For more information, see [IAM role for SageMaker HyperPod](sagemaker-hyperpod-prerequisites-iam.md#sagemaker-hyperpod-prerequisites-iam-role-for-hyperpod).

# Preparing and uploading lifecycle scripts
Preparing and uploading lifecycle scripts

After creating all the required resources, you'll need to set up [lifecycle scripts](https://github.com/aws-samples/awsome-distributed-training/tree/main/1.architectures/5.sagemaker-hyperpod/LifecycleScripts) for your SageMaker HyperPod cluster. These [lifecycle scripts](https://github.com/aws-samples/awsome-distributed-training/tree/main/1.architectures/5.sagemaker-hyperpod/LifecycleScripts) provide a [base configuration](https://github.com/aws-samples/awsome-distributed-training/tree/main/1.architectures/5.sagemaker-hyperpod/LifecycleScripts/base-config) you can use to create a basic HyperPod Slurm cluster.

## Prepare the lifecycle scripts


Follow these steps to get the lifecycle scripts.

1. Download the [lifecycle scripts](https://github.com/aws-samples/awsome-distributed-training/tree/main/1.architectures/5.sagemaker-hyperpod/LifecycleScripts) from the GitHub repository to your machine.

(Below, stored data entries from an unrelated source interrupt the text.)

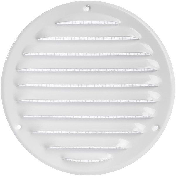 HVAC OV 5 Inch White Round Metal Vent Cover - Soffit Exhaust Vent with Mesh Screen - Return Air Vent Grille - HVAC Register Vent Covers for Home Wall - Weatherproof Cold Air Return Vent Cover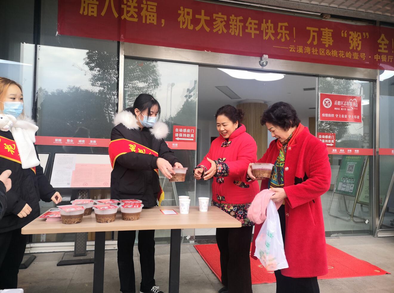 梅溪湖街道云溪湾社区携手桃花岭餐厅开展腊八送福活动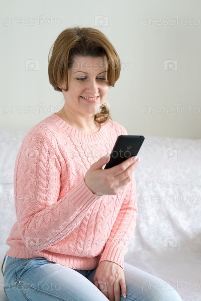 Позитивная женщина с мобильным телефоном в руке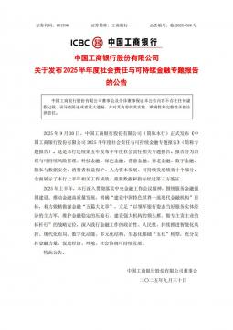 [投资者关系]601398_2025-10-01-工商银行-工商银行关于发布2025半年度社会责任与可持续金融专题报告的公告(银创产业通www.chanyetong.net)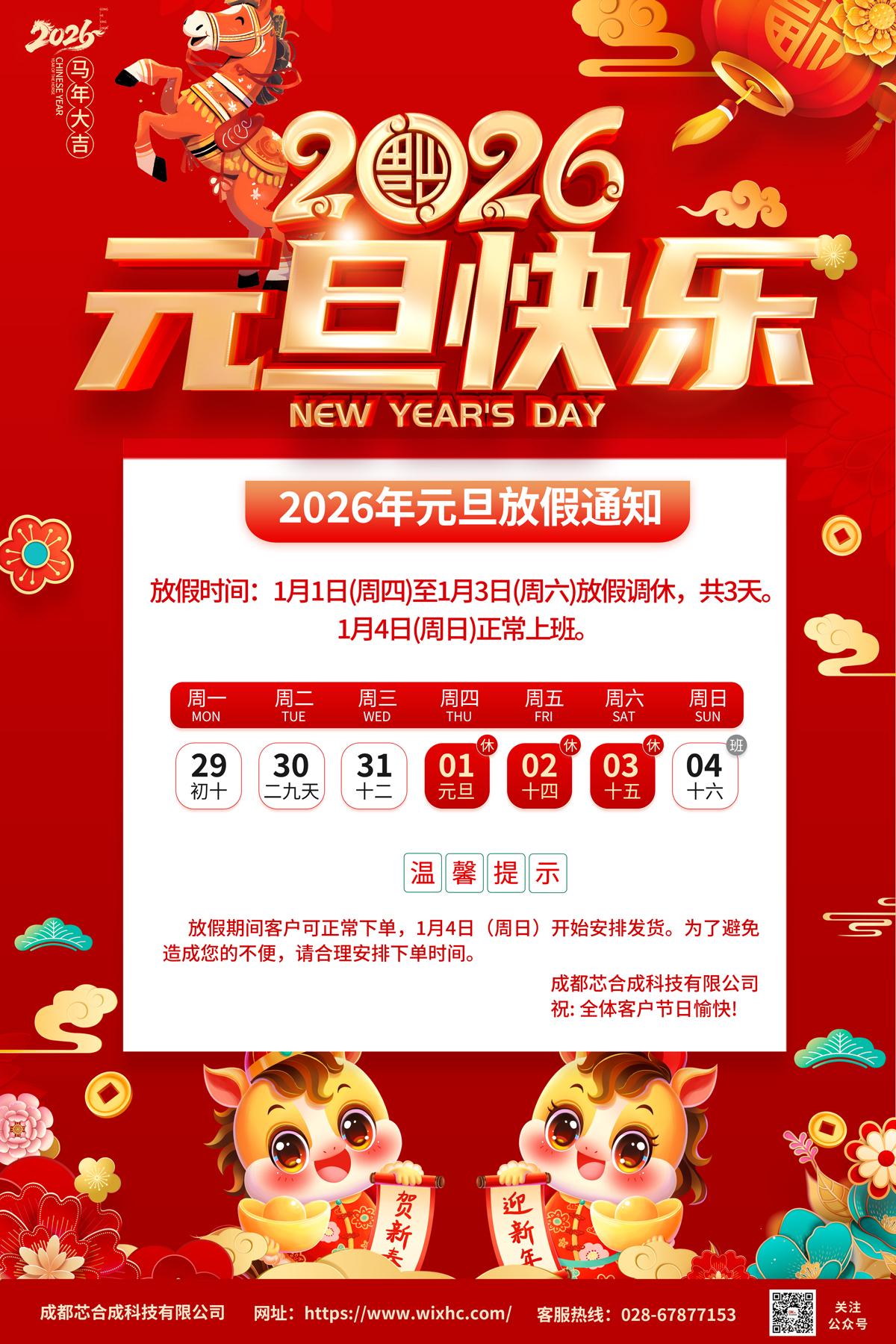 芯合成2026年元旦放假通知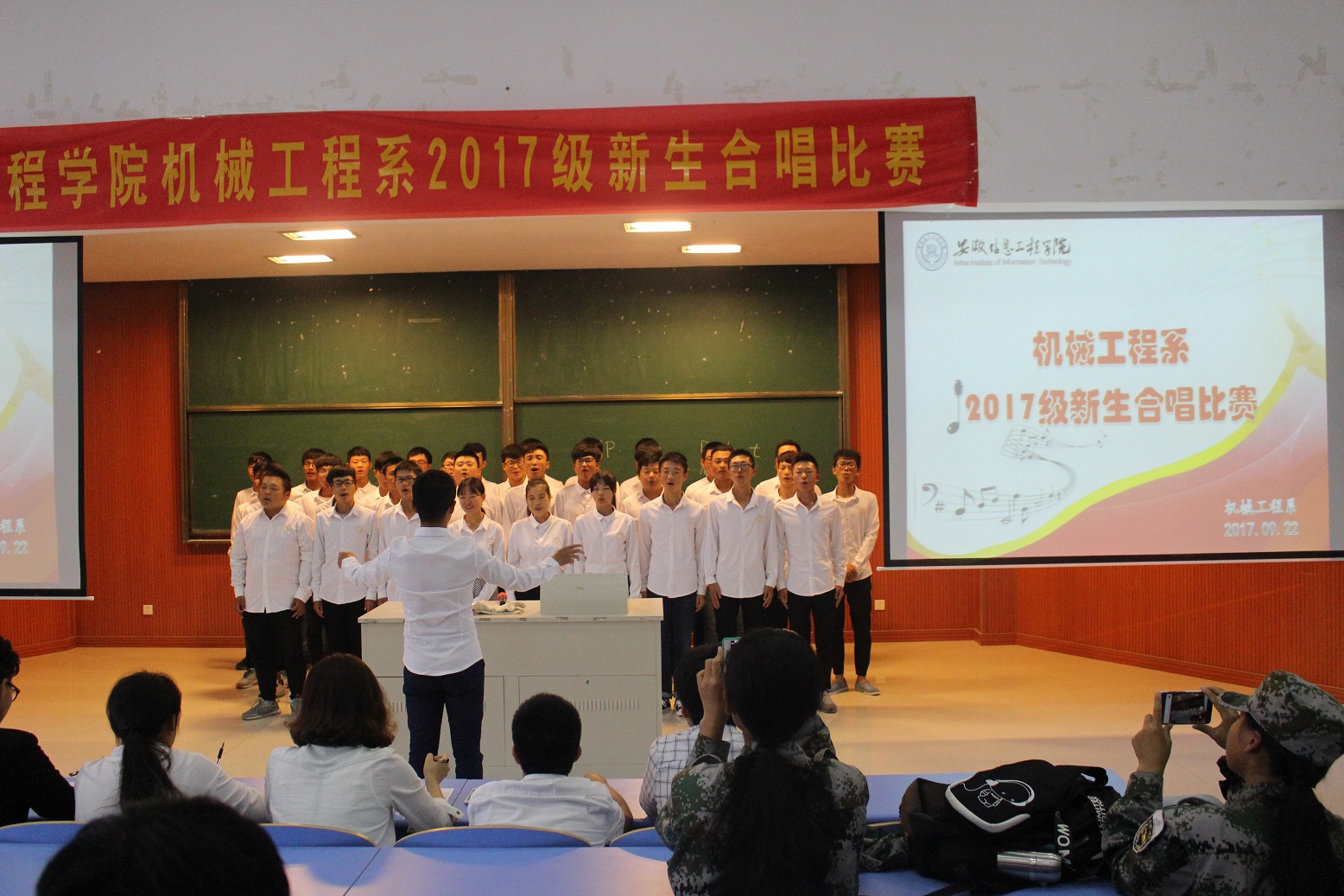 本次大合唱是对大学新生进行爱国主义、集体主义和民族精神的生动教育。机械工程系2017级的12个班级全部参与,他们利用课余时间精心准备,积极排练。本次比赛每个班级有五首参赛曲目可选,大多数班级选择了慷慨激昂的《光荣与梦想》,思想内涵丰富的《共筑中国梦》或是婉转悠扬、意味深长的《在灿烂阳光下》。比赛期间,台上的同学们热情洋溢,声音洪亮;指挥员手势准确,富有激情;台下观众掌声不断,一次次将比赛推向高潮,一阵阵嘹亮的歌声唤起了现场每一位同学的爱国情怀。经过认真的筛选和细致的比对,最终推选了车辆1702班和机械1702班代表我系参加学院比赛。至此,本次新生合唱比赛在一片热烈的掌声中落下了帷幕。

1. Upload the [lifecycle scripts](https://github.com/aws-samples/awsome-distributed-training/tree/main/1.architectures/5.sagemaker-hyperpod/LifecycleScripts) to the Amazon S3 bucket you created in [Provision basic resources](sagemaker-hyperpod-multihead-slurm-cfn.md#sagemaker-hyperpod-multihead-slurm-cfn-basic), using the [cp](https://docs.aws.amazon.com//cli/latest/reference/s3/cp.html) CLI command.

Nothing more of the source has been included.